Through the Looking Glass
Suchismita Datta, MD, MHPE, FACEP
New Hyde Park, New York
Member of ACEP Medical Humanities Section
Neil Dasgupta, MD, FACEP, FAAEM
New Hyde Park, New York
The air in the trauma room smelled like a summer afternoon barbeque in the backyard. In front of me was an intubated little girl with dark hair and a face that reminded me of my own daughter, except it was burnt to a crisp. Her whole body was 98% burned, to be exact. At least that’s what the trauma surgeon told me when he looked over at me. Both of us knew what that meant.
Outside the room was the mother of this child, sitting in a chair, with a veil of catatonia covering her face. There were no tears in her eyes or cries from her mouth. She just stared at her child, moving only to breathe. She told me that she left her house early that morning to get to work, only to get a phone call a couple of hours later telling her that her house had burned down due to unknown reasons. Both of her elderly parents had died on scene, and her two children aged 10 and 17 had been transported to the hospital in critical condition.
I came home that evening feeling broken. After putting our kids to sleep, I told my husband about the little girl. He is also an emergency physician [EP] at the county hospital nearby, and it turns out that his trauma bay had received her brother after the fire. My husband told me that the boy had kept asking “did she make it out?” repeatedly, and how now it made sense who “she” was. We sat in silence for a little while, soaking in the story of this poor family who looked just like us. Then we went around the house, making sure everything was ok, protecting our family as much as we could. Eventually, we went to sleep, our hearts heavy with anxiety about how fragile life was, and guilt that we still had everything while the family from our trauma bays had lost everything.

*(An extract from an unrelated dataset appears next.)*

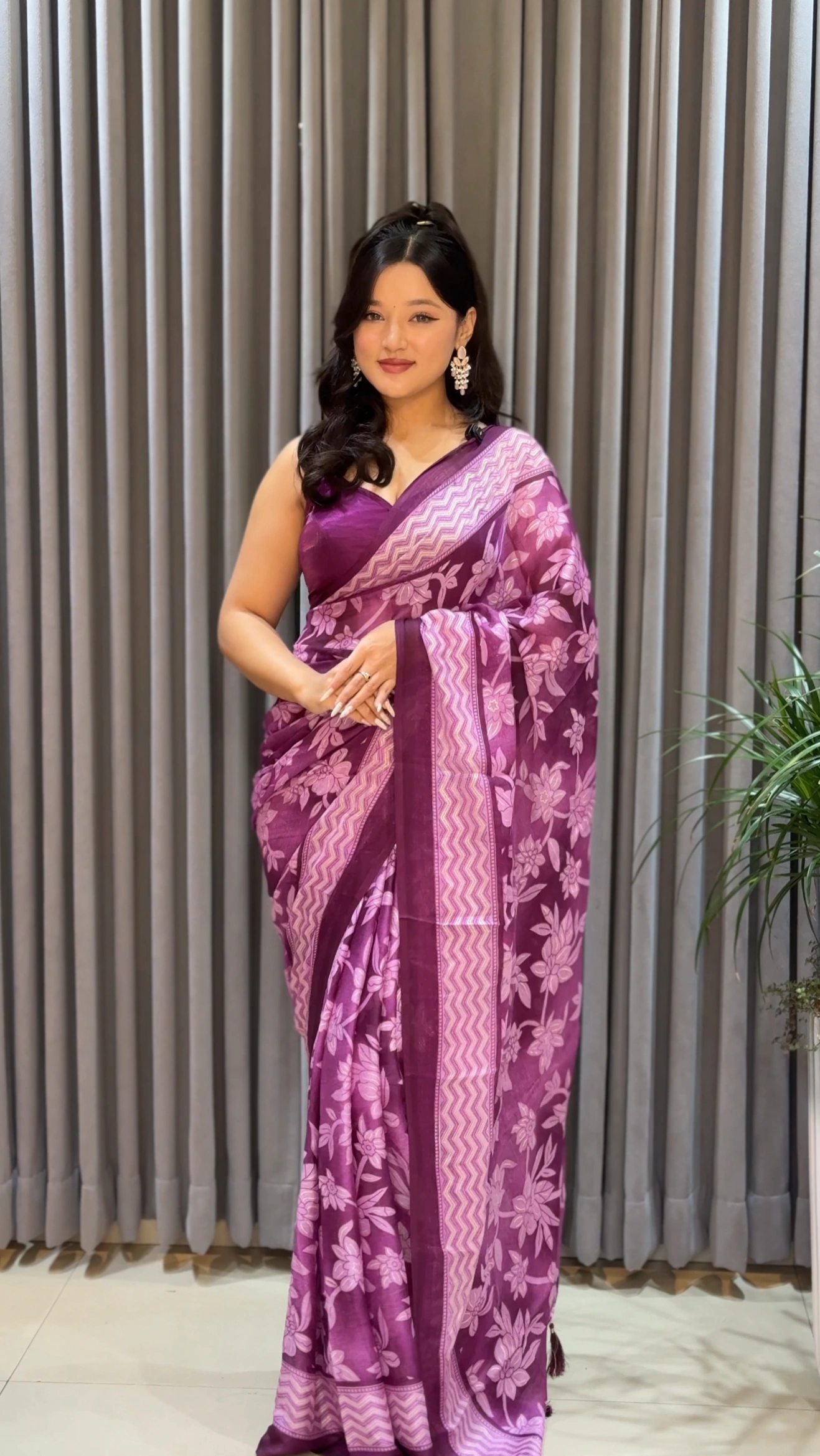 The saree features the same refined floral design as the original piece, now presented on a vibrant Purple base that adds warmth, brightness, and cheerful sophistication. The floral patterns blend beautifully with the vivid backdrop, creating a harmonious balance between bold color and delicate artistry. Its subtly detailed border enhances the saree’s structure, giving it a polished and stylish finish without overpowering its graceful appeal.

As EPs, we carry a whole spectrum of such stories. It can feel heavy at times, but it is an incredibly humbling privilege to bear witness to someone else’s story, albeit costly to our own well-being. Secondary trauma is described as the emotional stress that one experiences by being exposed to someone else’s firsthand trauma. Figley calls secondary trauma “[t]he natural, consequent behaviors and emotions resulting from knowing about a traumatizing event experienced by a significant other — the stress resulting from helping or wanting to help a traumatized or suffering person (Figley, 1995).”
Zhang et al performed a meta-analysis in 2020 of published articles that used the Maslach Burnout Inventory to assess the prevalence of burnout found that approximately 40% of EPs globally reported high levels of emotional exhaustion and depersonalization. Another study performed a systematic search of articles between 2011 and 2022 using search keys for ‘burnout & stress’ and ‘burnout & post-traumatic stress disorder,’ and their analysis showed that EPs scored significantly higher for all dimensions of burnout when compared to other healthcare professions (Somville et al., 2023).
While it may seem obvious to many that EPs are particularly vulnerable to secondary traumatic stress (STS) and the associated burnout, there is also an abundance of evidence to support that these lived experiences are very real. In 2013 the American Psychiatric Association (APA) recognized STS as being a diagnostic criterion for post-traumatic stress disorder (a DSM-5 Criterion A stressor). A study published in 2017 enrolled 118 emergency medicine clinicians, of which 72.9% were physicians, and found that 12.7% screened positive for STS with clinical levels of intrusion, arousal, and avoidance symptoms, and 33.9% had at least one symptom at clinical levels (Roden-Foreman et al., 2017).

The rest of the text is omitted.